Ровно по прошествии этого часа его терпение подошло к концу, и пристально наблюдавший за ним Тед провозгласил, что устал и хочет домой. Альбус поперхнулся джином и воззрился на Теда сумасшедшими глазами. Похоже, действительно не знал, хотя его брат и сестра давно были в курсе. А может, дело в том, что они были ближе к Гарри и к самому Теду, да и к жизни семьи в целом, чем отпочковавшийся Альбус, поселившийся на другом краю города и уже озабоченный собственным ребёнком и роднёй жены.

Как бы там ни было, они с Северусом ушли вместе. Уже приняв душ, Тед залез под одеяло, приобнял любовника и попытался нащупать пальцами ног его вечно мёрзнущие ступни. Сев позволил себя отогреть и, когда они уже засыпали, изрёк:

— Закопать покойника не значит бороться против смерти. Но покойников нужно закапывать — и я их закапываю.*

Тед не имел ни малейшего понятия, где тот брал подобные фразы.
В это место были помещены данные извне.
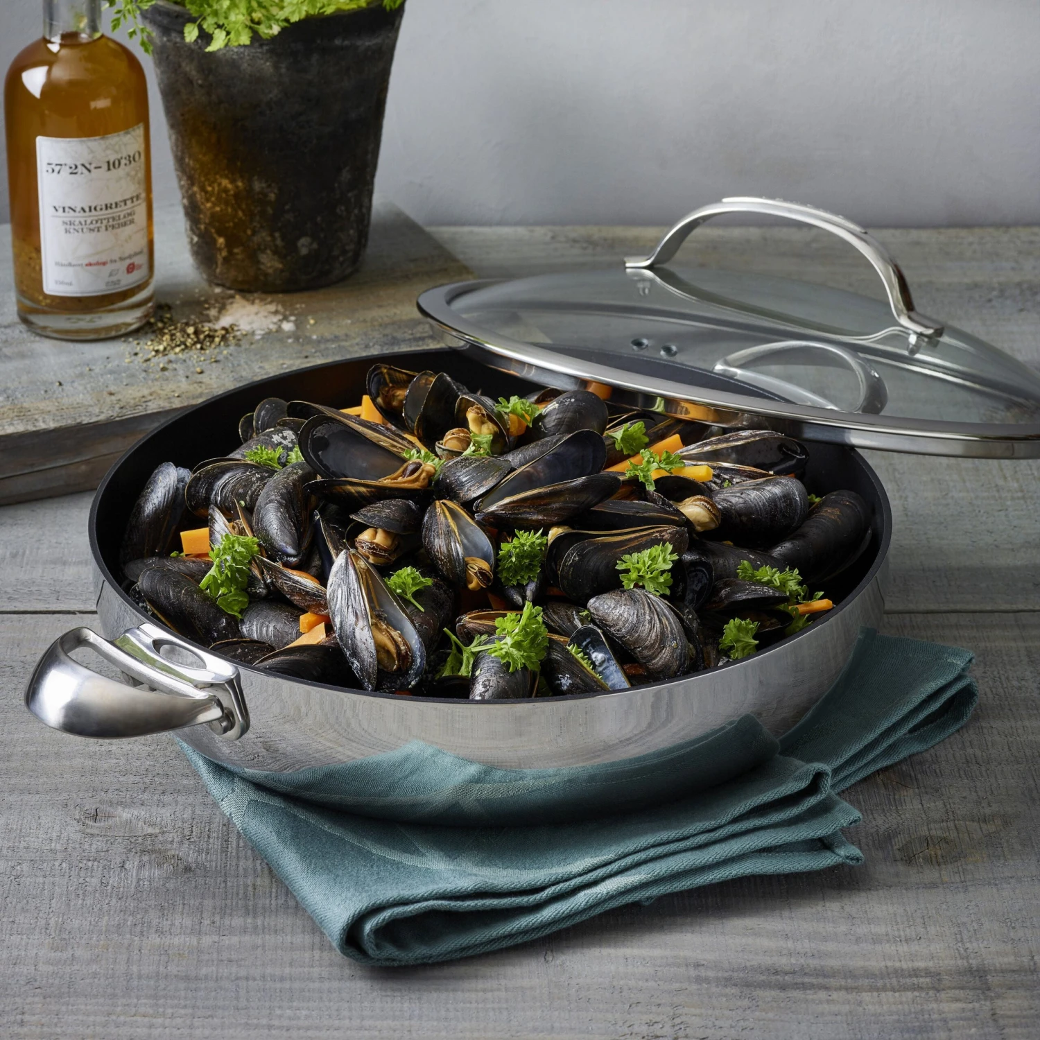 - Cast stainless steel riveted handle stays cool longer; for use with silicone, wood, nylon and metal utensils; includes glass lid

Зато знал, что скрывается под всем этим фасадом из ядовитого плюща и мраморных статуй, исполненных величия и высокомерия. За все этим был человек, однажды обронивший неожиданно горькое: «Не могу выносить полноформатного семейного уюта». В этом признании было больше, чем Тед мог высказать за один вечер.

— Я хочу пройти медицинское обследование.

Северус поднял голову от вазочки с орехами. По тому, как медленно он опустил руку на столешницу, Тед понял: его слушают со всем возможным вниманием. И весьма обеспокоенно.

Послеполуденное, ленивое настроение, висевшее в доме, улетучилось, уступая место вопросительной сосредоточенности.

— Всё в порядке, просто... у меня третья положительная.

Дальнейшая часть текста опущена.